Housing Sales See 12% Dip in 2025; Bengaluru, Hyderabad, and Chennai Stand Out
While housing sales across the top eight cities fell 12% to 3,86,365 units in 2025 from 4,36,992 units in 2024, the three major southern cities, Bengaluru, Hyderabad, and Chennai, together recorded a 15% rise in sales last year to over 1.33 lakh units. This growth was driven by improved supply and robust demand, according to a PropTiger report.
Residential sales declined in the Mumbai region, Delhi-NCR, Pune, and Ahmedabad, but rose in Bengaluru, Hyderabad, Chennai, and Kolkata. "2025 was not a year of demand destruction, but one of recalibration. Buyers remained active but more deliberate, while developers responded with disciplined supply management. This prevented inventory stress and helped prices remain resilient despite softer volumes," said Onkar Shetye, Executive Director of Aurum PropTech.

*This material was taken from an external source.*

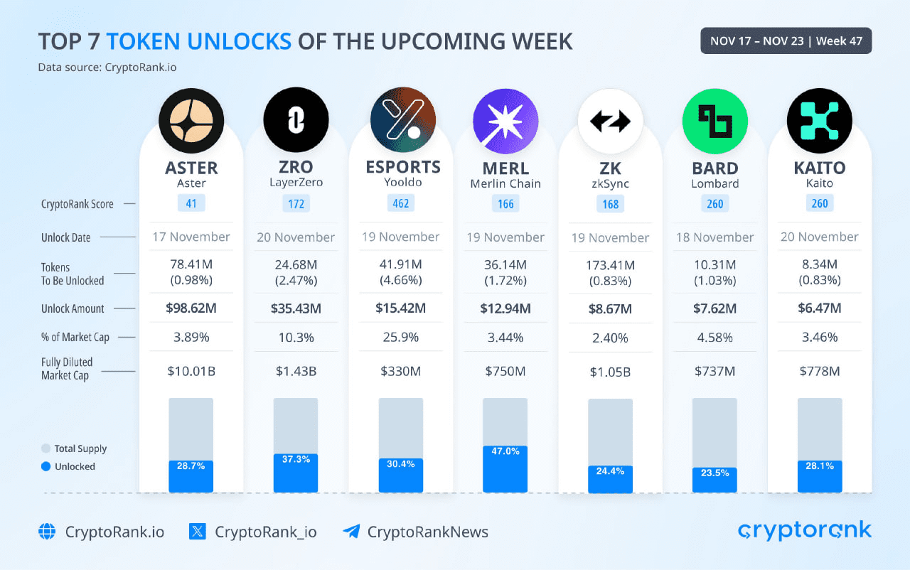 علاوه بر پروژههای بالا، توکن آنلاکهای مهم دیگری که سرمایهگذاران میتوانند در هفته پیش رو به آنها توجه کنند شامل ZKsync (ZK)، KAITO (KAITO)، ApeCoin (APE) و موارد دیگر میشوند که به انتشار گسترده توکنها در بازار کمک میکنند.

The housing market is transitioning into a more mature, execution-led phase. Growth in 2026 is likely to be driven by affordability, infrastructure-led micro-markets, and city-specific fundamentals rather than broad-based acceleration, he added. In Bengaluru, the housing sales rose 13 per cent to 54,414 units last year from 48,272 units in the 2024 calendar year. Chennai saw a 55 per cent increase in sales to 24,892 units from 16,044 units, while Hyderabad witnessed a 6 per cent increase to 54,271 units from 51,337 units. Together, these three southern cities clocked sales of 1,33,577 units last year, up 15.5 per cent from 1,15,653 units in the preceding year, according to Real Insight – Residential CY 2025, the annual housing market report released by PropTiger.

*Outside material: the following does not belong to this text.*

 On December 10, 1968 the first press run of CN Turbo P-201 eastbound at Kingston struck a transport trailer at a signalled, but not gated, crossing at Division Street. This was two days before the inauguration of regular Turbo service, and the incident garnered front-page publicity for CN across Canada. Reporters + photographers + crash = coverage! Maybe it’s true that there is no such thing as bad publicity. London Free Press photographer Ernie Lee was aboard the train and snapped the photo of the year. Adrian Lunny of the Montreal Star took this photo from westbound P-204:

In Q4 2025, sales contracted 10 per cent YoY and 0.5 per cent QoQ to 95,049 units. This is the lowest quarterly sales since Q2 2023 (80,250 units). During 2025, quarterly sales moderated from 98,095 units in Q1 2025 to 95,049 units in Q4 2025, reflecting demand re-timing rather than contraction. The total new supply across the eight cities fell 6 per cent to 3,61,096 units in 2025, compared with 3,85,221 units in 2024. This is the lowest annual supply since 2021. In the October-December (Q4) 2025, supply rose 4 per cent YoY and 0.2 per cent QoQ to 92,007 units.
Despite moderate sales, residential prices continued to rise across key markets, supported by limited ready inventory, elevated construction costs, and calibrated new supply. Developers largely avoided aggressive discounting, reinforcing pricing discipline, the report noted.